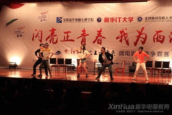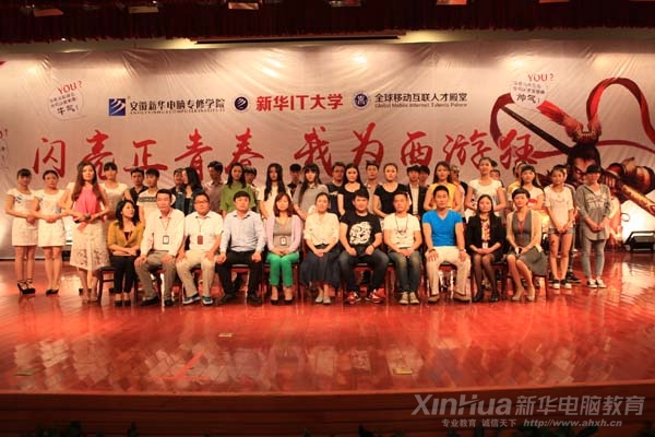 安徽新華電腦專修學(xué)院《大話西游之王者歸來》選角爭霸賽圓滿落幕,領(lǐng)導(dǎo)演員合影
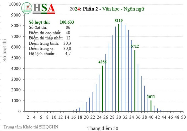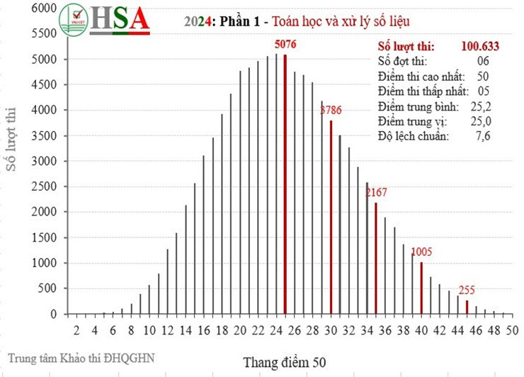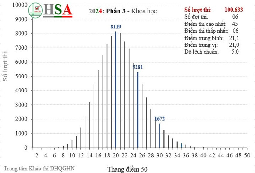 Điểm cao nhất của kỳ thi năm 2024 là 129/150; thấp nhất 17/150; điểm trung bình là 76,5/150; độ lệch chuẩn là 13,3. Ở các mức điểm cách nhau 5 đơn vị (75, 80, 85, 90, 95, 100, 105, 110…) có bước nhảy rõ rệt để phân loại thí sinh phục vụ xét tuyển sinh. Điểm trung và trung vị tương đối ổn định trong ba năm trở lại đây mặc dù số lượt thí sinh dự thi HSA tăng khoảng 15-25% mỗi năm.
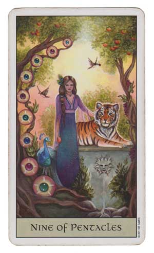 Today, the Nine of Pentacles is often interpreted as being comfortably alone, comfortable in oneself, and personally and emotionally secure. While the Nine of Pentacles is still a card of financial security, we also now interpret this card to include the concept of emotional security as well.
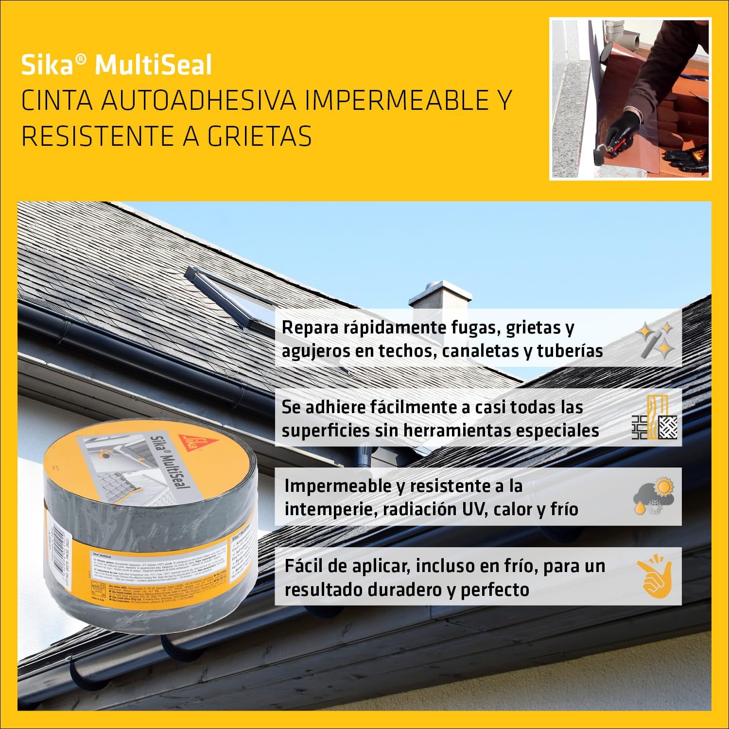Sika's SIKA MULTISEAL waterproofing tape is a self-adhesive bituminous tape, made of modified bitumen, with a lacquered aluminum foil on one side and a removable siliconized plastic film on the other.

Work to complete:
Return the listing above verbatim and exclude every picture.

Your solution:
 安徽新華電腦專修學(xué)院《大話西游之王者歸來》選角爭霸賽圓滿落幕,領(lǐng)導(dǎo)演員合影
 Điểm cao nhất của kỳ thi năm 2024 là 129/150; thấp nhất 17/150; điểm trung bình là 76,5/150; độ lệch chuẩn là 13,3. Ở các mức điểm cách nhau 5 đơn vị (75, 80, 85, 90, 95, 100, 105, 110…) có bước nhảy rõ rệt để phân loại thí sinh phục vụ xét tuyển sinh. Điểm trung và trung vị tương đối ổn định trong ba năm trở lại đây mặc dù số lượt thí sinh dự thi HSA tăng khoảng 15-25% mỗi năm.
 Today, the Nine of Pentacles is often interpreted as being comfortably alone, comfortable in oneself, and personally and emotionally secure. While the Nine of Pentacles is still a card of financial security, we also now interpret this card to include the concept of emotional security as well.
Sika's SIKA MULTISEAL waterproofing tape is a self-adhesive bituminous tape, made of modified bitumen, with a lacquered aluminum foil on one side and a removable siliconized plastic film on the other.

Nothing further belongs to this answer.